Knowledge Representation

  • What kind of biological statements do we want to make?
  • Given these statements, what is the appropriate resource for the entity IDs?
  • How will this be represented in the GAFs/GPADs?

Practical Considerations

  • How many of each type?
  • ID stability - if there is churn, can IDs be mapped forward, not go stale?

Overview of representation of complexes in ontology


In attendance: Chris, Fiona, Harold, Judy, Kimberly, Paul S., Petra, Rama, Sandra

Unfortunately, people from the UK were not able to call in to the conference line, so we were missing Rachael, Tony, Claire, Susan, amongst others.

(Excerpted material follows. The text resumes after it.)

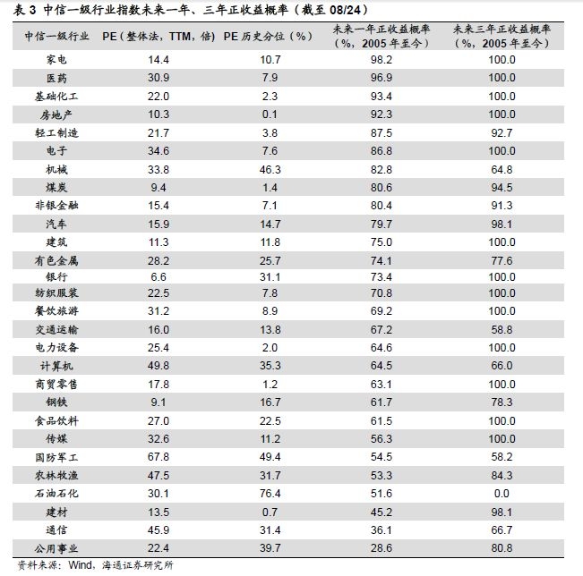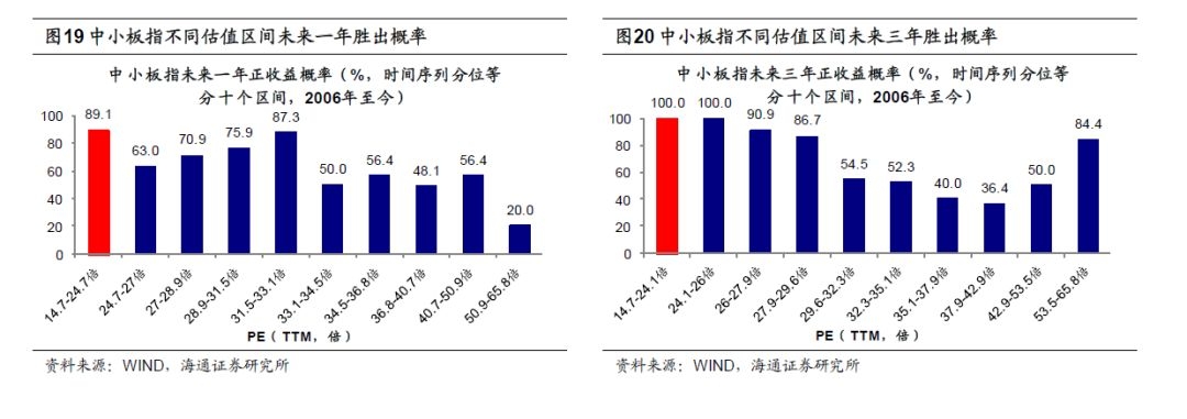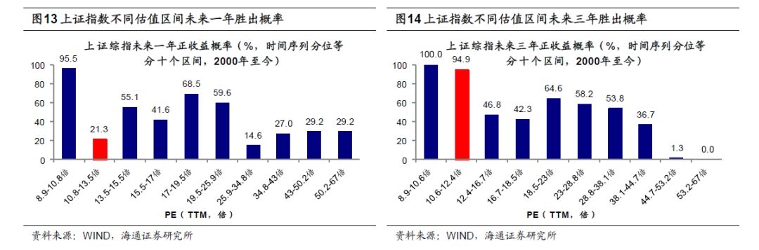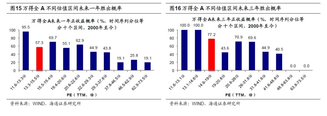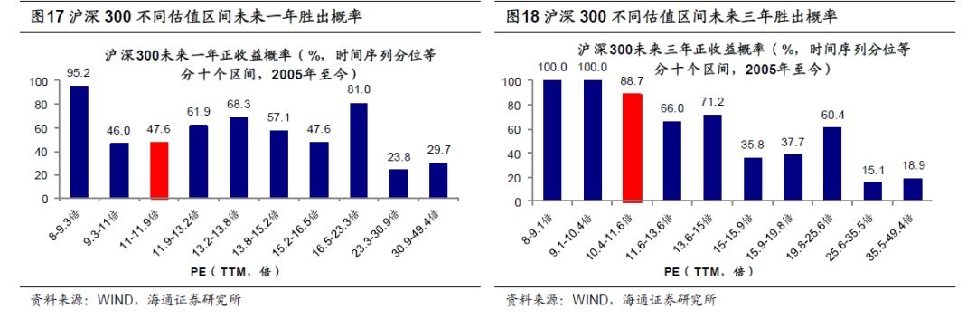 目前估值水平下,沪深300未来三年正收益概率88.7%。价值投资者和趋势投资者有不同的投资体系,趋势投资者要等待下跌趋势扭转,新的上涨力量出现后再进场,我们前期报告《磨底期的等待-20180819》提出市场情绪扭转至少需两大信号之一:一是去杠杆拐点,地方债务问题出台解决方案,二是改革加速,后续跟踪十九届四中全会。价值投资者则是评判目前的估值水平有无投资吸引力,了解主要市场指数估值水平后,我们尝试测算这一估值对应未来一定时间的涨跌概率。将2000年至今主要指数PE(TTM)按自下而上分位等分成十个区间,统计每一估值水平对应随后一年、三年涨跌幅。目前上证指数PE 12.3倍、未来一年正收益概率21.3%(对应PE10.8-13.5倍)、三年94.9%(对应PE10.6-12.4倍,具体分布详见下图)。万得全A目前PE 14.9倍,未来一年正收益概率57.3%、三年77.2%。沪深300目前PE 11.4倍,未来一年正收益概率47.6%、三年88.7%。中小板指PE23.0倍,未来一年正收益概率89.1%、三年100.0%。从三年中期视角看,目前A股主要市场指数均处估值低位,历史统计数据显示包括上证综指、万得全A、沪深300、中小板指未来三年正收益概率均在77%以上。按同样方法统计2005年至今中信一级行业指数目前PE对应未来一年、三年涨跌概率,未来一年正收益概率前五的行业是家电98.2%、医药 96.9%、基础化工 93.4%、房地产92.3%、轻工制造87.5%。未来三年正收益概率100%的有家电、医药、基础化工、房地产、电子、建筑、银行、纺织服装、餐饮旅游、电力设备、商贸零售、食品饮料、传媒。当然值得提示的是这一统计方法仅是对历史数据的回溯统计,历史规律不一定代表未来。

  • Summary of issue: some entities that curators would like to use for GO annotation cannot currently be used with Protein2GO
    • Examples:
      • Proteins that don't have UniProtKB IDs
      • Gene IDs
      • ncRNA IDs
      • Protein Complex IDs
 Response from UniProt: We propose that a common identifier is used for each entity type as follows:
 1. Proteins: UniProt accessions
 2. Functional RNAs: RNA central identifiers
 3. Protein Complexes: IntAct complex identifiers
 This would simplify greatly the maintenance of Protein2GO with regards to sanity checking individual identifiers. 
 It will also be clearer for the users to determine which entity type the annotation is referring to. We are willing 
 to assist groups in mapping their identifiers to any of the proposed common identifiers and adding missing protein 
 accessions to UniProt. Protein2GO already has a 'lookup' facility for mapping MOD IDs (currently FlyBase, SGD and 
 WormBase, but can be extended) to UniProt accessions.
 The orphan/unlocalised genes seem to vary widely in their state of characterisation and sequencing, so we are not 
 considering this as a high priority. We would prefer to get the above three categories in place first.
  • There are two parallel issues here wrt curation:
    • What entities are needed and how to use them in Protein2GO
    • How to consistently represent annotations to other entities (e.g. protein complexes) across the consortium
  • Issue #1
    • It seems that there is agreement on which database IDs would be helpful to start:
      • MOD gene IDs
 Response from UniProt: If we can map these to a common identifier for a particular entity type 
 (as listed above), is there any need to use MOD gene IDs?'
      • NCBI RefSeq IDs
        • Note that UniProt is willing to add protein IDs for proteins not currently represented
 Response from UniProt: We would like to reiterate that UniProt will, wherever possible, add missing 
 accessions in a timely manner. We are also able to import any sequence from RefSeq. Groups need to 
 communicate the missing proteins directly to us, together with evidence.
      • Protein complex IDs - IntAct, RACE-PRO
        • IntAct is in discussion/development with UniProt about using web services to annotate to protein complex IDs
      • MOD protein IDs
 Response from UniProt: If we can add missing proteins to UniProt, is there any additional need to use MOD protein IDs?
      • RNA Central

Action Item: Kimberly will follow up with an email to ask Tony what would be most helpful for groups to provide wrt external IDs.

  • Issue #2
    • Representing annotations to entities like protein complexes in the GAFs/GPADs
 Response from UniProt: We are not sure why this is an issue. The protein complex identifier would be in 
 column 1 and 2 of the GPAD file and in the GPI file it would indicate the DB_Object_Type as 'protein complex'. 
 The GPI file could also contain the component parts of the complex.
    • This issue will also be discussed on the Tuesday, GO annotation calls
    • We want to make sure we're consistent across GO about propagating BP, MF, and CC annotations to complex members
    • Annotations to protein complex identifiers - should these be in a separate GAF?
 Response from UniProt: The GAF has column 12, DB_Object_Type, so it should be able to handle different 
 entity types.


In attendance: Suzi, Judy, Paul S., Claire, Maria, Tony, Rachael, Chris, Kimberly, Rama, David, Harold

The discussion focused on annotating to ncRNAs, protein complexes, and resolving mapping issues between MOD IDs and UniProtKB IDs.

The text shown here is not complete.